▶ **Task to complete**
Every line containing the string "anos" should be returned from the records.
=== Listed entries ===
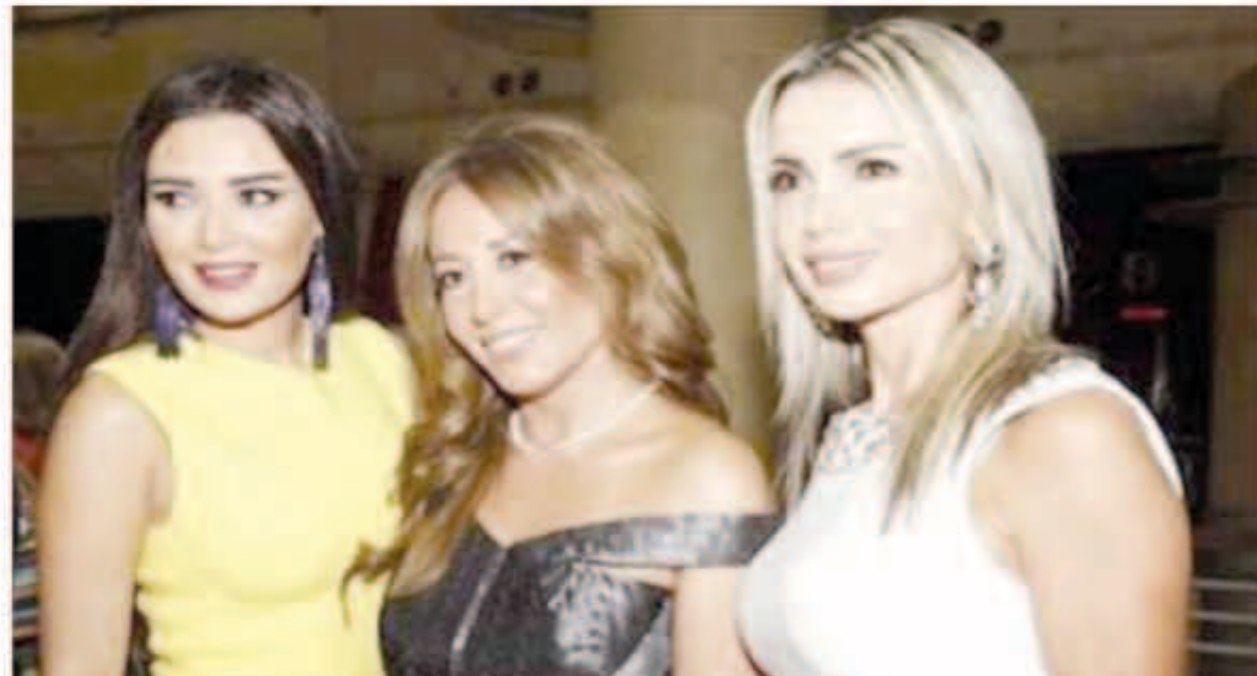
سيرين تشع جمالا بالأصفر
===
=== Listed entries ===
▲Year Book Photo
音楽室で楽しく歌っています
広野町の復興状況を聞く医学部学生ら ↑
===
=== Listed entries ===
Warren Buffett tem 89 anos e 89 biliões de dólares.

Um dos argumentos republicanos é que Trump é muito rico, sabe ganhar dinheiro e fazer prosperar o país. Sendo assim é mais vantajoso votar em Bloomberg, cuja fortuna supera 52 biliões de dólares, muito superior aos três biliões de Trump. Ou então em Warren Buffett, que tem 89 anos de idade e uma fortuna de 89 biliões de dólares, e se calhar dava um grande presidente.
===
▶ **Result for this exercise**
Warren Buffett tem 89 anos e 89 biliões de dólares.
Um dos argumentos republicanos é que Trump é muito rico, sabe ganhar dinheiro e fazer prosperar o país. Sendo assim é mais vantajoso votar em Bloomberg, cuja fortuna supera 52 biliões de dólares, muito superior aos três biliões de Trump. Ou então em Warren Buffett, que tem 89 anos de idade e uma fortuna de 89 biliões de dólares, e se calhar dava um grande presidente.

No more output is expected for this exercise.